Given all of this, isn’t just a wee bit early to start making wild charges about the White House breaking the law on little more than the word of anonymous source who already looks to have been wrong about part of the information he gave?
***Update***: The WAPO now has a second anonymous source that is pointing the finger at the White House…
Another journalist yesterday confirmed receiving a call from an administration official providing the same information about Wilson’s wife before the Novak column appeared on July 14 in The Post and other newspapers.
The journalist, who asked not to be identified because of possible legal ramifications, said that the information was provided as part of an effort to discredit Wilson, but that the CIA information was not treated as especially sensitive. “The official I spoke with thought this was a part of Wilson’s story that wasn’t known and cast doubt on his whole mission,” the person said, declining to identify the official he spoke with. “They thought Wilson was having a good ride and this was part of Wilson’s story.”
If this is true — and I do mean to say “if” given that this is another anonymous source — whoever leaked this in the White House is toast. If this reporter will leak it to the Washington Post, they’ll probably talk about it to the DOJ as well.
***Update #2*** However, some of the details given in the anon’s account (“the CIA information was not treated as especially sensitive”) could help avoid a trip to prison for whoever did this if it ever gets that far according to this WAPO story.
“The law enacted to stop Agee and others imposes maximum penalties of 10 years in prison and $50,000 in fines for the unauthorized disclosure of covert agents’ identities by government employees who have access to classified information.
The statute includes three other elements necessary to obtain a conviction: that the disclosure was intentional, the accused knew the person being identified was a covert agent and the accused also knew that “the United States is taking affirmative measures to conceal such covert agent’s intelligence relationship to the United States.”
The law says no person other than the one accused of leaking the information can be prosecuted, a provision that would protect journalists who report leaked classified information identifying a covert agent. But there is one exception to that protection.
The measure says people who engage in a “pattern of activities” intended to identify covert agents and who have “reason to believe that such activities would impair or impede the foreign intelligence activities of the United States” can be prosecuted. Smith said that language was aimed at the publishers of the Covert Action Information Bulletin and others who made it a practice to identify undercover CIA agents.”
It seems to me that whoever leaked this information, in the Bush administration or otherwise, probably wouldn’t meet this part of the standard…
“The measure says people who engage in a “pattern of activities” intended to identify covert agents and who have “reason to believe that such activities would impair or impede the foreign intelligence activities of the United States” can be prosecuted.”.
Pulling a pattern of activities out of this, given what we know so far, seems to be a bit of a stretch.
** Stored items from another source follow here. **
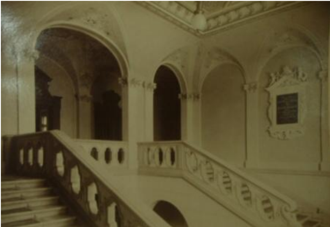
Obrázek C: Schodiště do 1. patra s pamětní deskou k otevření Německého domu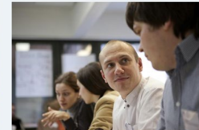
→ Genomförande av utbildning inom fritt bildningsarbete fr.o.m. 1.1.2021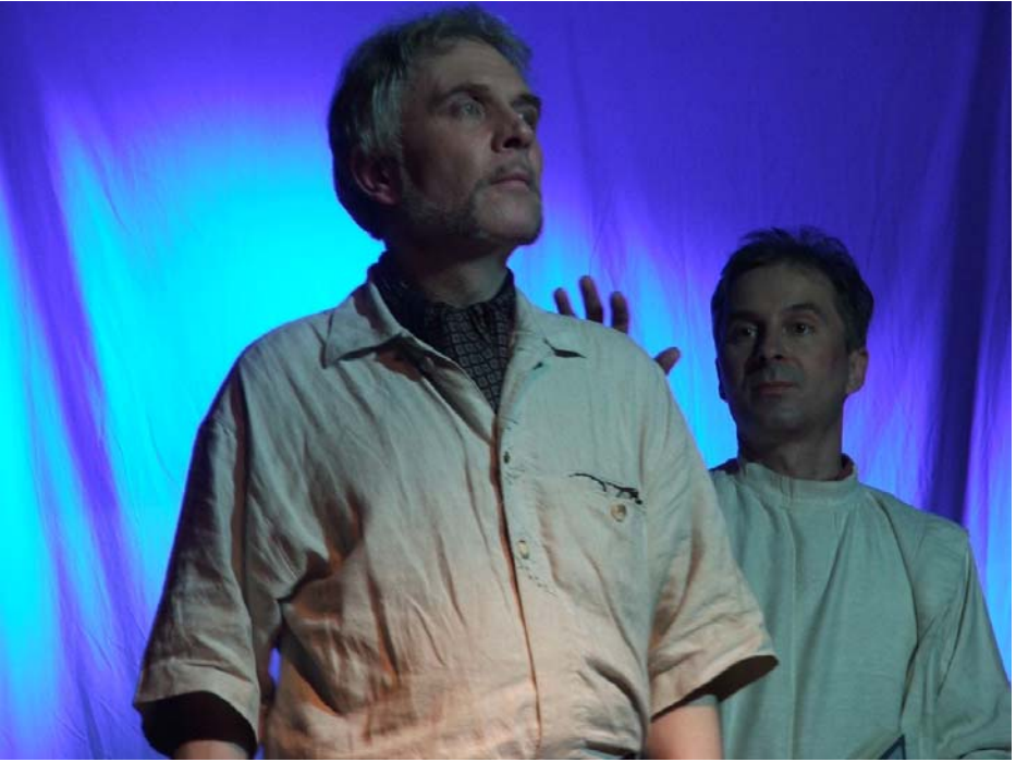
Johannes Thomasius und Theodosius (9. Bild)

teswesen entgegen, das ihm das Ziel bezeichnet, dem er in Zukunftszeiten gleichen will. So hell erstrahlt nun sein geistiger Stern, dass dadurch auch Maria, der er so eng verbunden ist, herbeigerufen wird und sein Licht in ihrer eigenen Seele erleben kann.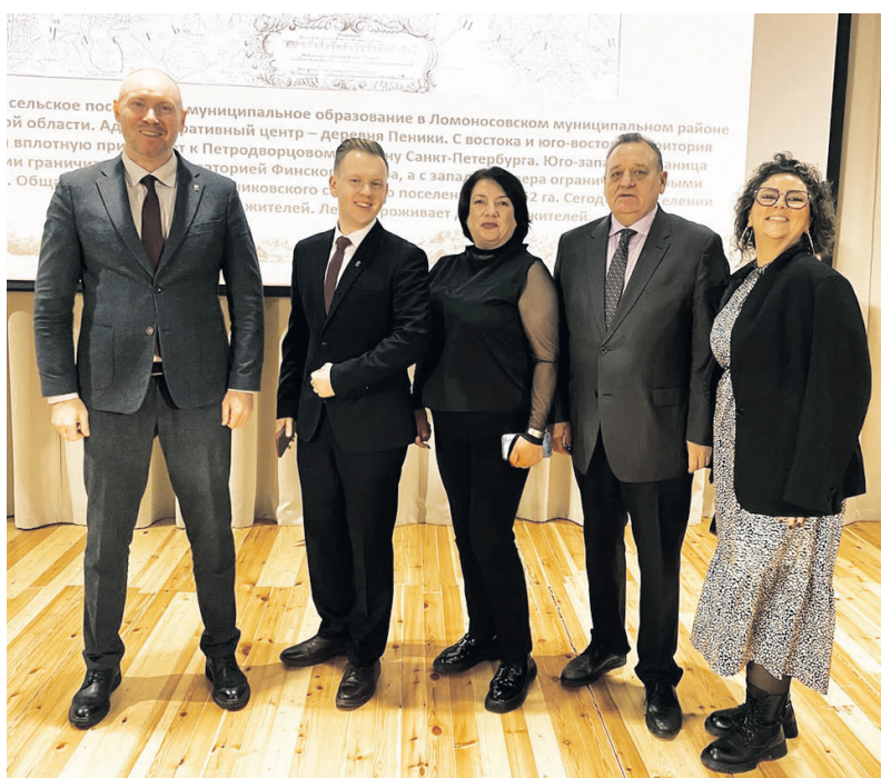
Депутаты Сланцевского городского поселения на заседании «Муниципальной школы»

На занятиях участники смогли ознакомиться с правовыми аспектами организации местного самоуправления, получить информационную, консультационную и методическую поддержку в этой области, а также обменяться опытом.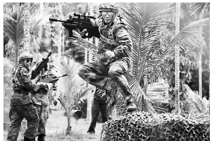
游客在呀诺达体验雨林真人CS拓展项目

海南冬泡温泉早已远近闻名，而冷泉则鲜为人知。在炎热的夏天，倘若能泡在凉爽的冷泉之中，是何等的惬意。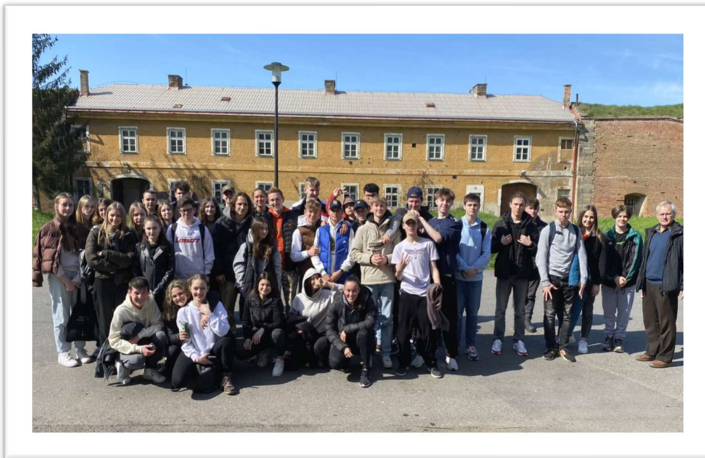
Obrázek: Exkurze Terezín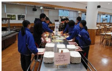
食事はバイキング！

また、食後にはチームミーティングを行い、島根県の秋季大会の決勝のビデオを見ながら自分達との違いはどこなのか、自分達はこれからどこを磨いていけば良いのかなどを考え、新シーズンに向けて、非常に内容のある時間となりました。ミーティングの終盤には、チームメイトと1対1で話す時間を設け、野球や私生活の面でお互いのことをどう思っているのかを評価し合うなど普段はできない活動も出来ました。2年生は今回が最後の冬季合宿で、山口徳地青少年自然の家には学校行事の遠足や、野球部の活動で今回を含め4度宿泊しました。その度に栄養豊富な食事を出して下さり、多くのエネルギーとパワーを蓄えることが出来ました。料理を作ってくださった方はもちろん、施設の職員の方々にいい知らせが出来るよう、これからの野球部の活動をチーム一丸となってやっていきます！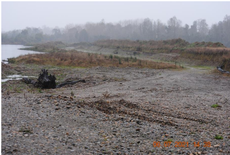
Registro Fotográfico N°1. Corta de árboles nativos.

A continuación se muestra un registro fotográfico: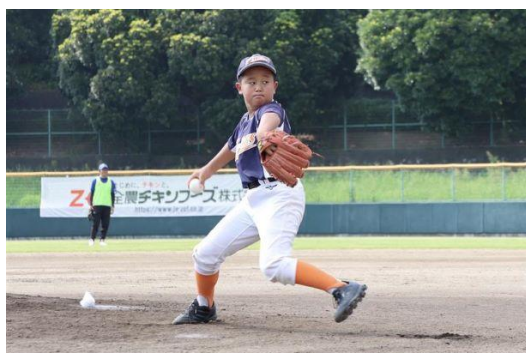
一打席対決でピッチャーを務めた選手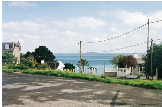
Itinéraire n°5, Côtes d'Armor (CAUE) Étables-sur-Mer – Rue de Nanterre (005 0001 01), sept. 1994.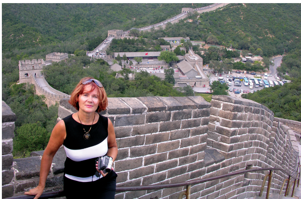
Fot. 14a. Zdjęcie z podróży

Dopełnieniem obrazu oraz osiągnięć w pracy zawodowej Profesor Krystyny Mazurek-Łopacińskiej są Jej podróże od wielu lat realizowane z pasją w czasie wolnym, które przekładają się na poznawanie świata i różnych kultur (fot. 14a–g).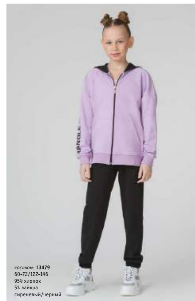
костюм: 13479 60-72/122-146 95% хлопок 5% лайкра сиреневый/черный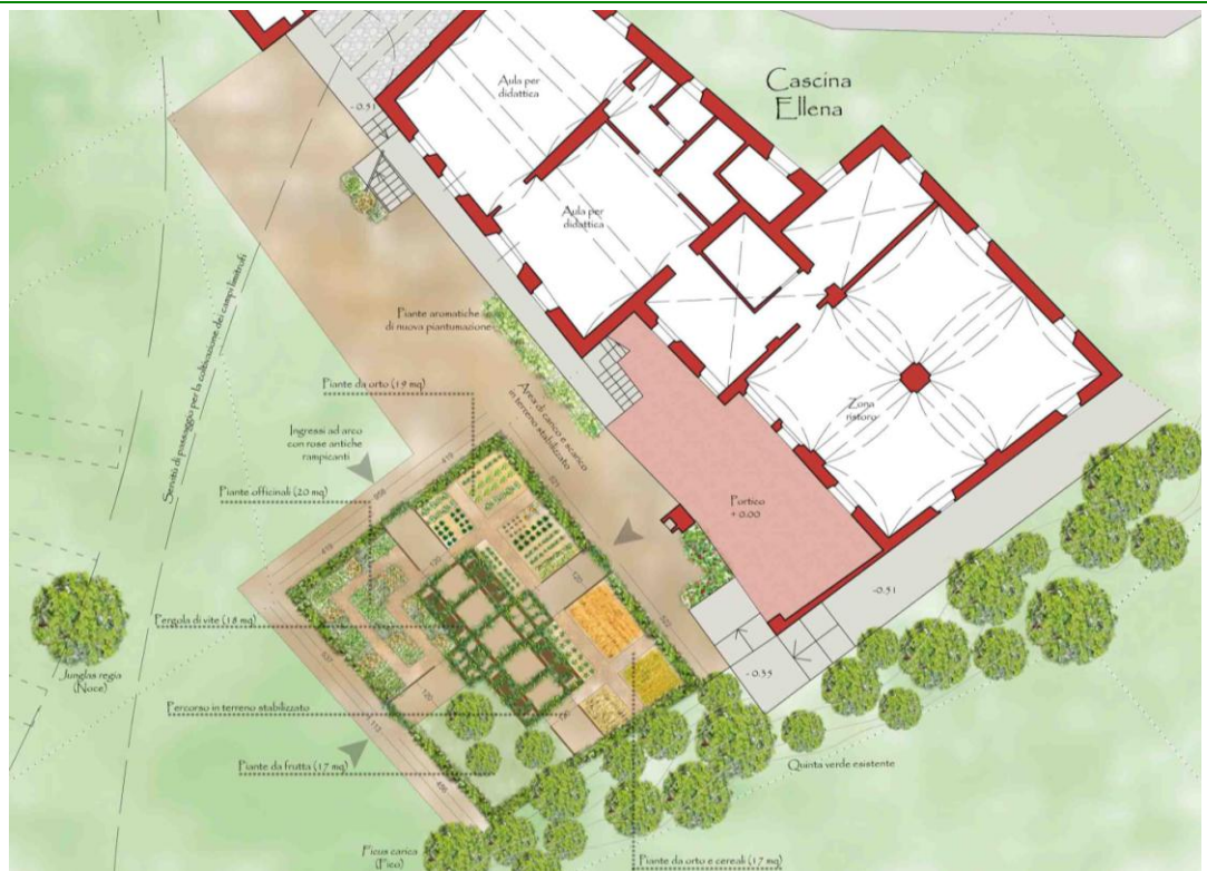
Tavola di progetto preliminare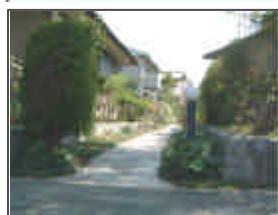
フットパスイメージ

戸建て住宅内の公園、海浜緑地や海をつなぎ、回遊性を高め海への眺望も確保するフットパスを設けています

But I’m sure the lawyers will haggle that out before this is all over if they ever pin it on someone…
***Update #3***: Novak has now definitively sourced it to a Bush official, although it certainly doesn’t appear to be the sort of malicious leak it’s being portrayed as…
“‘It Was An Offhand Revelation From This Official, Who Is No Partisan Gunslinger. When I Called Another Official For Confirmation, He Said: “Oh, You Know About It.”